======== Data for the task

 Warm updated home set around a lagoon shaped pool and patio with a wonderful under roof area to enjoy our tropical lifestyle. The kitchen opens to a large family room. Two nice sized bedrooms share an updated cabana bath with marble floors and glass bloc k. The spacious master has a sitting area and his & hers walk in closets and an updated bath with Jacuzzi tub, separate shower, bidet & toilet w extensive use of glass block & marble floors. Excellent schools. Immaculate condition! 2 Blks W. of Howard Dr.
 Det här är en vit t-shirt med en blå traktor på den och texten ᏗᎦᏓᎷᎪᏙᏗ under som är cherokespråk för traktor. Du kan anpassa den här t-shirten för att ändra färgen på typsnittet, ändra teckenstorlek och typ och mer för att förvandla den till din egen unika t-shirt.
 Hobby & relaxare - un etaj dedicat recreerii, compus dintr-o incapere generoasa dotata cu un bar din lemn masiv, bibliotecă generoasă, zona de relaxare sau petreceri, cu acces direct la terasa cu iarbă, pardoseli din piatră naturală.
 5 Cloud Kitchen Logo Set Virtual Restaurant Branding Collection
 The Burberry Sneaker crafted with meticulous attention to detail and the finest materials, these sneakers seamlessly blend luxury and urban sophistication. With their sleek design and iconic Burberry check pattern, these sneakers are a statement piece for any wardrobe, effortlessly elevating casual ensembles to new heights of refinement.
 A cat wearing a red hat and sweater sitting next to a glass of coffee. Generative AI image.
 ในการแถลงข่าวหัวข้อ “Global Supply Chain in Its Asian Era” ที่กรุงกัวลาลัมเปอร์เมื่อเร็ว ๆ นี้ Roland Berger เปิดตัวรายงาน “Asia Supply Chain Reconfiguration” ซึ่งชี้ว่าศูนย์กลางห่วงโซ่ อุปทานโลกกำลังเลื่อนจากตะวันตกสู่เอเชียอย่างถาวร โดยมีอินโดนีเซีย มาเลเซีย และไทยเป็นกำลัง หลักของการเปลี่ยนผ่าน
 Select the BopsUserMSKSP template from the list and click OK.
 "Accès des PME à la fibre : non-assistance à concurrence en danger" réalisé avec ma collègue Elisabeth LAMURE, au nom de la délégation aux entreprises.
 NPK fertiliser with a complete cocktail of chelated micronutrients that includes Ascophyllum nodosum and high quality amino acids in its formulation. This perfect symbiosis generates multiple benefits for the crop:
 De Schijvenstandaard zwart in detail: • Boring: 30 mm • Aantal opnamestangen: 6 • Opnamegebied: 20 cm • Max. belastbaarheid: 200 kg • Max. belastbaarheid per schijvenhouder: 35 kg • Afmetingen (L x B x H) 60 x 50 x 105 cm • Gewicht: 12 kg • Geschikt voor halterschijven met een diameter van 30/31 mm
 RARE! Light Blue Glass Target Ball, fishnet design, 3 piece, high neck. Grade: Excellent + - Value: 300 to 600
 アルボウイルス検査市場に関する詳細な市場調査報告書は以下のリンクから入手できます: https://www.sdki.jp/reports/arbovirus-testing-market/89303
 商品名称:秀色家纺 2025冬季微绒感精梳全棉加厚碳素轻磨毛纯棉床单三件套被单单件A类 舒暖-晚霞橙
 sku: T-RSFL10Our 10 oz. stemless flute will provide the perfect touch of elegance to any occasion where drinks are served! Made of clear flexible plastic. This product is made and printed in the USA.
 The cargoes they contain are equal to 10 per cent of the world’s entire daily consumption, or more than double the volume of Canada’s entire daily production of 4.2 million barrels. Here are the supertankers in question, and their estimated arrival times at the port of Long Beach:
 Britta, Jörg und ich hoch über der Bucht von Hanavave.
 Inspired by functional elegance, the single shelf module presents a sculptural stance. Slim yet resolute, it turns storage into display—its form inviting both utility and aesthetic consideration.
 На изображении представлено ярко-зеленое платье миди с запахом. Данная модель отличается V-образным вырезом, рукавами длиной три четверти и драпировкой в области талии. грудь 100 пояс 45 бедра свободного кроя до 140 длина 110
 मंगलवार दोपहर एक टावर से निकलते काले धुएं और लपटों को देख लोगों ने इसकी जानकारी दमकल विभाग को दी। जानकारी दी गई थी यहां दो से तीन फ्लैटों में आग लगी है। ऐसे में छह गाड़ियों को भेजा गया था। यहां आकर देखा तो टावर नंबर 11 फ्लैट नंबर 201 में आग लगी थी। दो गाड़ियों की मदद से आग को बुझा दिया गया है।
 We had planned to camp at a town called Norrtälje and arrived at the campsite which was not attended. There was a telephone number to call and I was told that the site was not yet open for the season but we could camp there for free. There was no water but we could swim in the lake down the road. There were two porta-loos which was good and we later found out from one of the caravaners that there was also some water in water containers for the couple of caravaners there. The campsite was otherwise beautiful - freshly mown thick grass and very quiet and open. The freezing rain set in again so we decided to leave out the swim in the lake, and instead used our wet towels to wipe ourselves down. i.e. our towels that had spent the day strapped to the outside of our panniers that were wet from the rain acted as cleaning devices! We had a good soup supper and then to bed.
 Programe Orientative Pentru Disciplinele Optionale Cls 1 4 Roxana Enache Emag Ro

================

> [Problem to solve]
Every line above that holds the string "perfect" should be copied out.

> [Solved exercise]
 NPK fertiliser with a complete cocktail of chelated micronutrients that includes Ascophyllum nodosum and high quality amino acids in its formulation. This perfect symbiosis generates multiple benefits for the crop:
 sku: T-RSFL10Our 10 oz. stemless flute will provide the perfect touch of elegance to any occasion where drinks are served! Made of clear flexible plastic. This product is made and printed in the USA.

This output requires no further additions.